2. Apply a patch-set
3. Recompile the kernel and install the kernel
4. And some other stuff I forgot - involving messing around in
Now I havent tried it with Breezy, but I am pretty sure there is no .deb/script on UbuntuForums.
Why can't the disto's simply give the user Suspend2 fully integrated in their repective kernels?
Surely not stability issues, because it was bug-free for me. Even a simple choice would be miles better than what the current situation. The distro makers have dropped the ball, let's see them pick it up.
Oh wait - I just said that Ubuntu et al. is not perfect! Goodbye, karma.
"Sure there's porn and piracy on the Web but there's probably a downside too."
While LKLM flame wars are lead between source pourists and swsusp2 proponents, linux continues to lack decent hibernation support. suspend2 is pretty much hackish, but historically that didn't prevent many features ending up in kernel, even prematurely.
They're welcome to believe whatever they want, but stop trying to push it onto everybody else. That's rude.
It's like telemarketing, except it's in your face. "Hi, is your religion letting you down? Come try mine, the Church of Jesus Christ of Latter Day Saints! What, you're an atheist? You need God in your life. Why, it says right here in the book that [ ... voice fades in the distance ...]"
Please tell them we don't need any more Mormon missionaries here in Victoria, Australia.
... please preach polygamy here too!!!!
Nooooooooooo
I guess I didn't write that email well enough - I tried to clearly say I'm not resigning, just switching full-time jobs, and as a result won't be working on Suspend as much. Given that it's already pretty mature, this won't have much effect on it's development, and I'll still be producing patches for vanilla kernels. Hope that helps. Nigel
This post's subject is misleading:
- suspend2 project is not suspended
- Nigel Cunningam will keep working on it
- it's only inclusion in vanilla kernel (mainline) which is unclear
Trying to make puns in subjects is not always a good idead...

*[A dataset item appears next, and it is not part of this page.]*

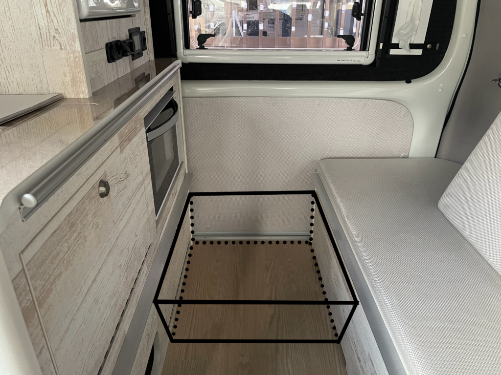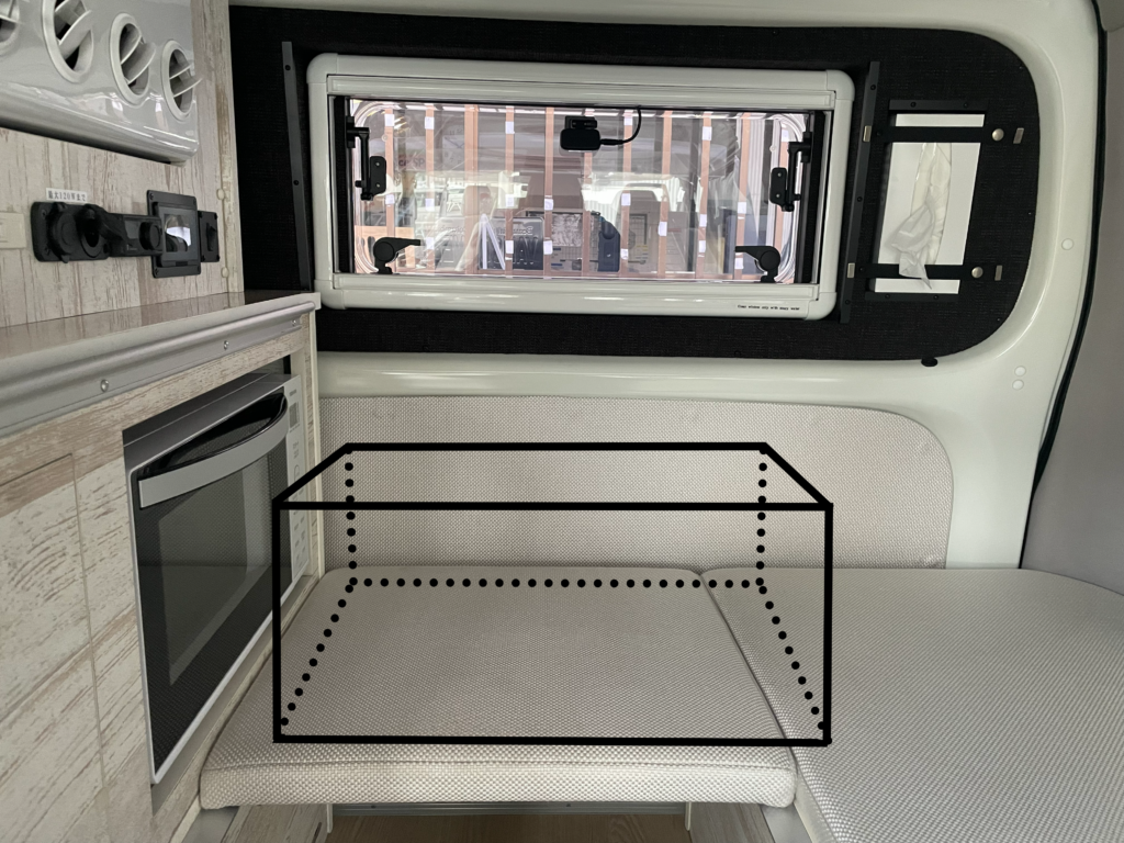 こちらのスペースは冷蔵庫のほかにも物を載せることができる収納スペースになっていますが、気を付けていただきたいポイントが1つあります。ウインドウ用ハンドルとファスプシートの淵が少し飛び出ていることにより、置ける幅が狭くなっていることです。

The correct answer is that the kernel needs to do this, not userland (per suspend1), because of all the layers that need their information preserved. Having any kind of userland help doesn't work, because suddenly you've broken the "every process is equal" approach to the scheduler. But it's also not correct to throw in a huge, complicated interface (suspend2).
The correct answer is something like outlined here: " If you want my cheerfully uninformed opinion, we should toss both of them out and implement suspend3, which is based on the exec/kdump infrastructure. There's so much duplication of intent here that it's not funny."

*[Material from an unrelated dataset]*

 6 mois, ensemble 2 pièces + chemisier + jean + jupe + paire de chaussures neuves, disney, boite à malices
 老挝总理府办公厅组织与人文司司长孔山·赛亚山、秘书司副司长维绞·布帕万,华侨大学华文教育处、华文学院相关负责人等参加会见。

You just have to reserve memory for a dump kernel. It's a much better trade off than making the scheduler stupid (suspend1), and keeps your kernel conceptually much simpler than a fancy kernel internal API (suspend2).
--
Internet Explorer (n): Another bug -- that is, a feature that can't be turned off -- in Windows.
No discussion about freedom can proceed sensibly without the fundamental premise that if two people have the same freedom (regardless of the details) then the freedom of one ends where the freedom of another begins, and viceversa.
In other words, "total freedom" has inherent boundaries, which are the equal freedoms of others who possess the same freedom.
Saying that "total freedom" goes further and has no boundaries is either blinkered or just playing with words, because it denies that your concept of freedom is applicable to anyone else. It's not a logically consistent position.
Your position fell down simply because it does not respect the equivalence boundary.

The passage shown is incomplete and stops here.